On the field, he was vociferous, often taunting opposing players, and advised umpires from both the pitching mound and the dugout. Kolp was an adept teaser. His baiting harassment techniques made him a famous bench jockey, even in those days of unruly emotional baseball.

Kolp is most remembered for an incident in 1929 involving future Hall-of-Famer Hack Wilson. The episode occurred in the day's second game; in an earlier game there had been a triple play, which may explain why feelings were running high. Hack Wilson was on first with Ray Kolp in the Cincinnati dugout shouting taunts and insults as usual. Having endured enough, Hack charged off the field into the opposing dugout where he punched Ray Kolp in the jaw. A near-riot ensued in the stands, with the police needed to finally restore order. That evening, the two teams met up again at the train station, where Hack Wilson punched Ray's teammate Pete Donnohue. League president Heydler personally investigated the particulars of the attacks, declaring Hack the culprit and fining him $100. These shenanigans produced headlines for days in sports sections across the U.S.
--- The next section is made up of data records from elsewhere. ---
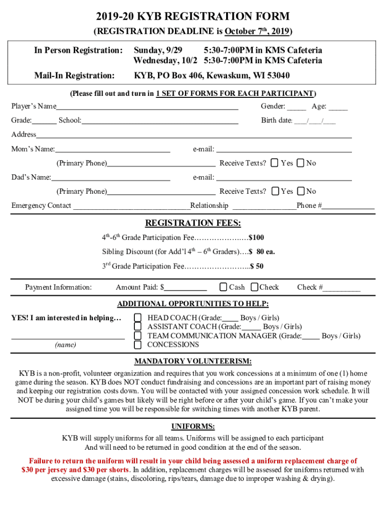 201920 KGB REGISTRATION FORM (REGISTRATION DEADLINE is October 7th, 2019) In Person Registration:Sunday, 9/29 5:307:00PM in KMS Cafeteria Wednesday, 10/2 5:307:00PM in KMS CafeteriaMailIn Registration:KGB,
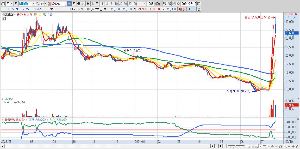 - 라파스 (26,650원 ▼ -8.42% , 시총: 2,310억, 거래량: 3,694,912, 거래대금:1,077억)
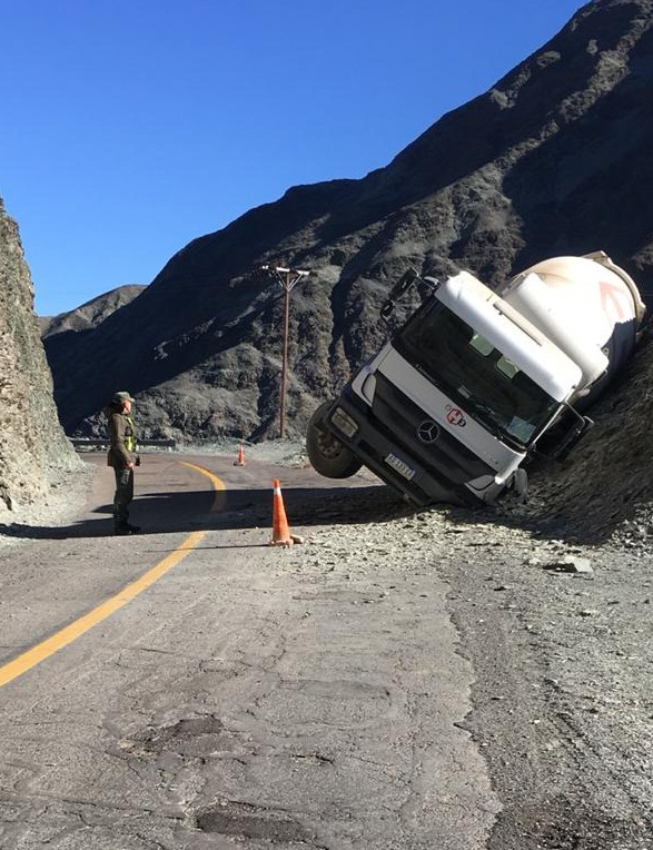Marcelo Damián Zárate (44) se salvó de lo peor al volcar en un camión Mercedes Benz cargado con hormigón, a la altura del kilómetro 268 de la Ruta 150, en Iglesia, a eso de las 8 de ayer. Al parecer, iba desde Jáchal rumbo a Rodeo, pero despistó y quedó de costado contra la ladera de un cerro, informó la Policía. El chofer no sufrió heridas de gravedad y quedó en observación en el Hospital Tomás Perón.
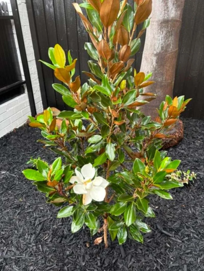 The planting palette was minimal and deliberate. A single Magnolia 'Little Gem' (Magnolia grandiflora 'Little Gem') was installed as the hero specimen — chosen for its compact upright form, glossy deep- green foliage with bronze undersides, and large white flowers that perform reliably in the dappled shade created by the existing palms. Tricolor Star Jasmine (Trachelospermum jasminoides 'Tricolor') was planted throughout as the understorey groundcover — its variegated cream, green and pink foliage providing year-round colour and texture without competing with the Magnolia.

Kolp played four years with the St. Louis Browns, spent two years in the minors in Minnesota with the St. Paul Saints, and then returned to the majors with the Cincinnati Reds in 1927. His last game in the majors was with the Reds on September 21, 1934. Two years later he received an engraved silver lifetime pass from major league baseball in recognition of his 12 years of big league service. Following the majors, Kolp pitched in the minors for the Minneapolis Millers for two years and then became their first base coach. He was the manager of the Williamsport Grays in Pennsylvania for two seasons, 1944 and 1945, handling a mostly Cuban team playing as replacements for the GIs at war. He led the team in promoting War Bonds, raising pledges for $231,000 in 1944.

His only son, Richard C. Kolp pitched in the minors for the Paducah Indians in the Class D level Kitty League in 1939 and 1940.

Ray Kolp died in Cincinnati, Ohio, on July 29, 1967. Ray and his wife Bertha Willett Kolp of Coalport, Pennsylvania, are buried in St. Stephen Cemetery in Fort Thomas, Kentucky.